This is a problem from Differential Calculus for Beginners by Joseph Edwards

Question

$$\lim_{x\rightarrow 0} \left(\frac{\sin x}{x}\right)^{\frac{1}{x}}$$ I attempted to expand $\sin x$ and am unsure how to proceed. $$1-\frac{x}{3!}\left[x^2-\frac{x^4}{5\times 4} \cdots \right]$$

Can anyone please help me with this Problem?

Answer 1

Write it in e to the power ln format . Then u get 1/x(Ln(sin/x)) then put limit for sin/x. I think u got the idea

Answer 2

Let $f(x) = \lim_{x\to0} (\frac{\sin(x)}{x})^{1/x}$.
A nice property of logarithms is that they can bring an exponent within a function in front.
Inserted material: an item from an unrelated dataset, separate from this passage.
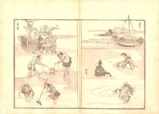 Hokusai Ouvriers, élégantes, musicien Estampe originale de 1850 HA77 Page
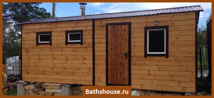Считается, что оборудовать парную можно из чего угодно, ярким примером народного принципа может послужить бытовка – баня. Простые и одновременно легкие в сборке парильно-помывочные отделения обычно делают из строительных вагончиков и передвижных времянок. Уровень комфорта, конечно, ниже, баня вагон — результат переделки, а не целенаправленного проектирования, но париться в ней можно с неменьшим удовольствием.

Because of this, we have $$\ln(f(x)) = \frac{\ln(\lim_{x\to0}\frac{\sin(x)}{x})}{x}$$

We know from the squeeze theorem that $$\lim_{x\to0}\frac{\sin(x)}{x} = 1$$ Thus, we have $$\ln(f(x)) = \frac{\ln(1)}{x}$$

$\ln(1) = 0$, so we have $$\ln(f(x)) = \frac{0}{x} = 0$$ Following this, we know that $$\ln(f(x)) = 0$$ so we take both sides to the power of e: $$e^{\ln(f(x))} = e^0$$ $$f(x) = 1$$